In general, we found the trail to be well marked, but we did have a slight difficulty finding the next trail when departing our original trail. Below you’ll find descriptions and photos to help describe what to look for so you can have an easier go of it!
Walton Creek Trail is easy to access from the parking lot at the visitor’s center. When looking at the visitor’s center, it is to the left right at the entry point to the woods. The first portion of the trail begins to wind through the woods with a gentle downhill curve.
Because we went on a warm day in February, mid-week, we saw no other hikers on the trail. Wildlife was also particularly quiet, as they’re apt to be midday. We heard and saw a few birds, though.
After a short while, Smith Mountain Lake is visible through the trees, and then the path comes pretty close. There is a wooden bench along the shore for those wishing to take a break or take in the scenery.
Walton Creek Trail comes to a conclusion at a picnic area, near a boat launch site. In the photo below, the area to the right of the picnic table is where Walton Creek Trail comes out into the picnic area. The second photo, to the left of the bear box and near another picnic site is where Osprey Point begins. This took us a bit to spot.
Also, a word of warning when you start down Osprey Point, a 0.4 mile trail that is out-and-back for a total of 0.8 miles: We started down the path and focused on a sign maybe 30 feet ahead. We got confused at that point since there was no obvious trail. The trail itself takes a sharp left turn shortly after starting, but we missed it because we aimed towards the sign that was simply warning people from the edge.
Osprey Point has some interesting rock walls from earlier residents - a pretty impressive feat to think about people building them rock-by-rock, especially given how long they are. We didn’t see any explanation for them so feel free to make up your own story! It was interesting to think about that while these rock walls are near the water now, whomever built them did so far away from any water and in a central Virginia field.
After we finished hiking Osprey Point, we ended up back at the same picnic area and started scanning around for Striper Cove Trail, our next leg. Based on the map, we headed across the street to the area near a playground and spotted a road that continued on behind some wooden fencing (photo below). While there was a ‘do not enter, authorized vehicles only’ sign that threw us off for a moment, I could spot ahead a trail sign for Striper Cove an decided the sign was just for drivers, not walkers. Sure enough, the trail did start here. Some updated signage would be helpful!
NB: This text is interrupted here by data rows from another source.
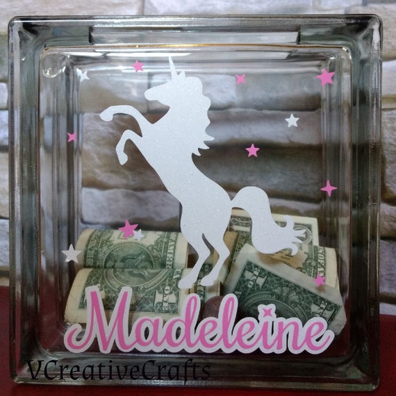 Unicorn Glass Block Piggy Bank Personalized Girl Piggy Etsy
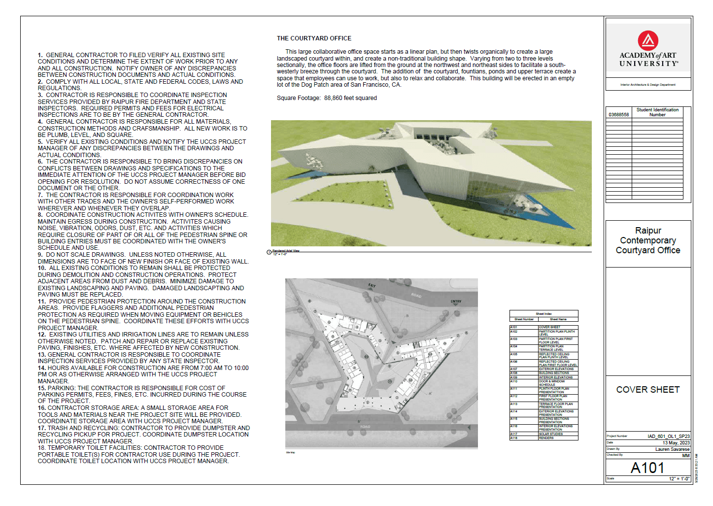 This project marked a great progression in my learning of how to manipulate organically-shaped masses in Revit. While the interior details are sparse, the project illustrates my knowledge in contract document format, and core practices of building within Revit software.
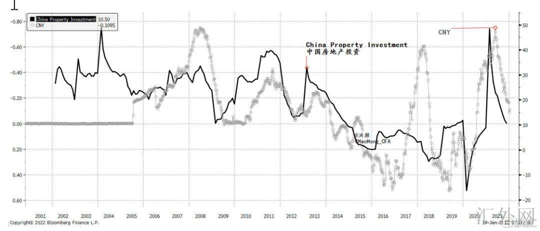 图表2:人民币和下探的房地产投资增速。
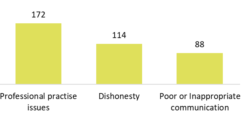 - 172 concerns were received regarding professional practise issues
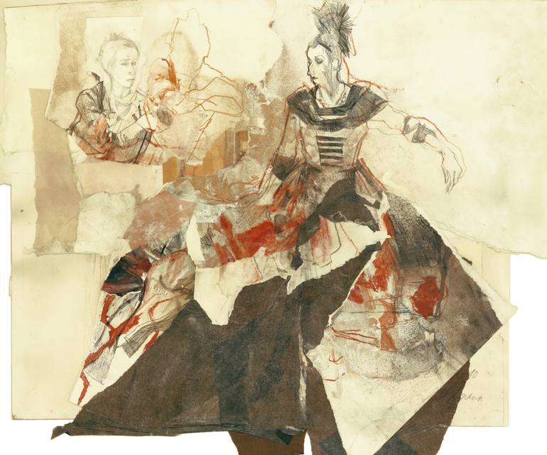 Graphite pencils, crayons, pastel colors, gouache, watercolors, golden pigments on paper with collage October 2010 19,3" x 20,9" (49 x 53 cm) Signed and dated on the front Your will receive a Certificate of Authenticity. Please note: the hem of the dress goes over the edge of the paper.
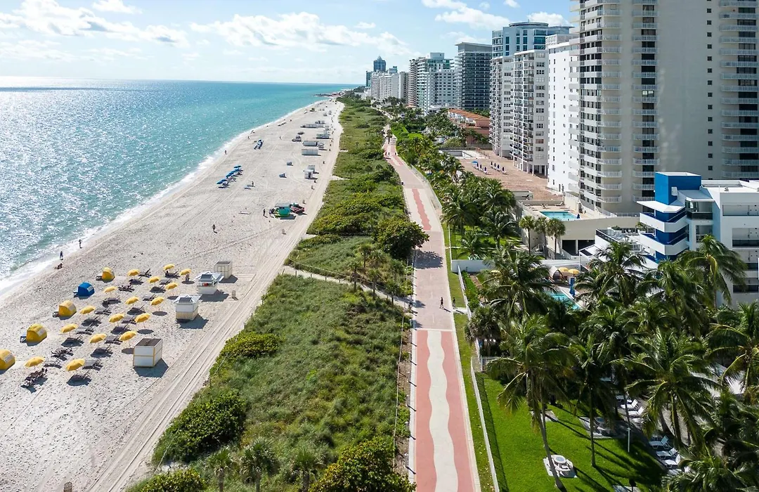 Leisure activities include relaxing by the two ocean-view pools, lounge access to a private beach, and complimentary bike rentals for exploring the Miami Beach Boardwalk. Paddleboarding opportunities are also available, with the first 20 minutes complimentary.

Striper Cove meandered a bit along some fingers of the lake and then turned more inland. This was a very different path than the others since the trees had been harvested. There were fields of golden grasses and young trees around us, and we spotted the paw prints of an animal in the bit of mud on the trail. Our guess is that it was from a raccoon or fox based on the size. We ruled out a dog since it seemed to cross in one section of the trail only.
There was a placard explaining the timber harvest as an effort for conservation to more native trees. When the local area was depopulated, most of this land had been agricultural and ended up filled with pine trees, which do not create a healthy diversity of flora. By intentionally clearing small portions of the land at a time, the goal is to allow a more native mix to regenerate and also to space out growth to avoid pest risks like the pine beetle.
walton creek trail - ACCESSIBILITY
The loop trail we took is not accessible; however, the picnic area is easily accessible by car and could be an enjoyable way to experience the area for those with accessibility considerations.